Fig. 5: SMIM4 is required for SLC25A1-mediated mitochondrial malate/citrate transportation.

A Mitochondrial extracts from WT and SMIM4-FLAG HEK-293T cells analyzed by native IP and quantitative LC-MS/MS. Black: published data⁴¹, Gray: our experimental results (n = 3 biologically independent samples). B 3%–12.5% BN-PAGE/immunoblot analysis of SLC25A1 in WT, SMIM4-depleted, and SLC25A1-knockout MIA PaCa-2 cells. C WB of SMIM4 and SLC25A1 in MIA PaCa-2 cells with or without SMIM4 depletion. D, E FLAG or V5-immunoisolation of HEK-293T cells expressing SMIM4 ^FLAG, SLC25A1 ^V5, or both. F Molecular docking of SMIM4 with SLC25A1. G. Predicted ΔΔG_bind changes for interface mutations. H, I FLAG- and SLC25A1-immunoisolation in SMIM4 knockout MIA PaCa-2 cells rescued with WT or mutant SMIM4 variants. J Schematic of SLC25A1 sublocalization and sequence features and in vitro Co-IP of GST-SMIM4 with His-SLC25A1-IS. K–N Cell number (K, N) and lipid peroxidation (L, M) in WT, sgSMIM4, and sgSMIM4 cells rescued with SMIM4 variants under 24 h glucose deprivation ± 10 µM CTPI-2 (n = 3 biologically independent samples). O 3%–12.5% BN-PAGE/immunoblot analysis of SLC25A1-containing complexes in sgSMIM4 cells rescued with various SMIM4 variants in MIA PaCa-2 cells.

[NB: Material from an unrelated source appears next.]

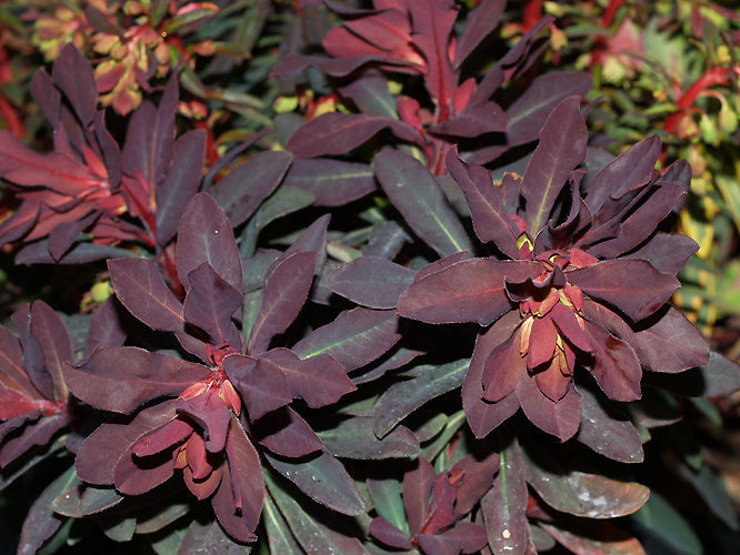Red-green winter foliage, yellow-green flower heads Mar-May, 30cm. Reckoned by Don Witton (British National Collection Holder of Euphorbia) to be the best form but it still gets mildew in summer. From the garden of the same name in Scotland.

P, Q Cellular (P) and cytosolic (Q) malate levels in MIA PaCa-2 cells with or without SMIM4 depletion, under 24 h glucose deprivation ± 10 µM CTPI-2 (n = 3 biologically independent samples). R–V Schematics illustrate potential fates of citrate derived from glutamine (R) or glucose (U). Fractional enrichment ratios (S, T, V) in MIA PaCa-2 cells with or without SMIM4 depletion and treatments as indicated (n = 5 biologically independent samples). W WB of SMIM4 and SLC25A1 in MIA PaCa-2 cells with or without SMIM4-KO and SLC25A1 depletion. X Malate uptake in isolated mitochondria from MIA PaCa-2 cells with or without SMIM4-KO or SLC25A1 depletion or CTPI-2 treatment (n = 3 biologically independent samples). Data are presented as means ± SEM for bar graphs from at least three independent experiments. Representative images for (B–E, H–J, O, and W) are from three independent biological replicates. Statistical significance was determined by unpaired two-tailed Student’s t-test for (A, K–N, P, Q, S, T, V, and X). ns not significant. Source data are provided as a Source Data file.